Coq
du cac 40
chante.
D’aucuns décrètent
que ça vaut
260
fois plus haut
qu’un smic.
“Halte,
holà !”
ose-t-on
hurler ailleurs,
plus bas -
Sitôt Coq
se dresse
sur ses ergots
et menace
de quitter
la basse-cour.
Le 21 février 2012.
(Un poème de moi, un peu du même genre, a été publié sur le site de la revue Décharge, rubrique “Circonstancielles” de Jacques Morin.)
A propos Morgan Riet
Né en 1974 à Bayeux dans le Calvados.
Y réside toujours.
Ecrit parfois.
Textes publiés dans les revues suivantes :
Décharge, Comme en poésie, Gros Textes, Friches, L'Autobus, Traction-brabant, Microbe, Florilège, Le Capital des mots, Francopolis, Mauvaise graine, Poésie/Seine, les Nouveaux cahiers de l'Adour, Inédit Nouveau, les Tas de mots, Libelle, les Amis de Thalie, les Cahiers de poésie, les Cahiers de la rue Ventura et très prochainement Verso.

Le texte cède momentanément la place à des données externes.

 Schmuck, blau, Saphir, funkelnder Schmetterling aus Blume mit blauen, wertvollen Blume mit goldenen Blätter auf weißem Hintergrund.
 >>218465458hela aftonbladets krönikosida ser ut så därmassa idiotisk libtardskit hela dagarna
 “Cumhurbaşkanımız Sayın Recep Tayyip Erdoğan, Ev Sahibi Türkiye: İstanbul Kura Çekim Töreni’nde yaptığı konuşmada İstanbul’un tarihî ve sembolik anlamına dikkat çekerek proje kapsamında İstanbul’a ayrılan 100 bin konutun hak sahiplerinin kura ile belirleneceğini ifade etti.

Présent dans l'Anthologie subjective sur le site du poète Guy Allix : http://guyallix.art.officelive.com/ , également dans l'anthologie "enfances" sur la Toile de l'un :http://amb.boudet.perso.sfr.fr/
ainsi que sur le blog Poésie maintenant de Pierre Maubé : http://poesiemaintenant.hautetfort.com/
2 recueils publiés aux Editions Clapàs : Lieu cherché, chemins battus (2007), En pays disparate (2010) ; 1 recueil paru chez Gros Textes : Du côté de Vésanie (2012) ; 1 mini-plaquette fabriquée à la maison : Midi juste environ (2011)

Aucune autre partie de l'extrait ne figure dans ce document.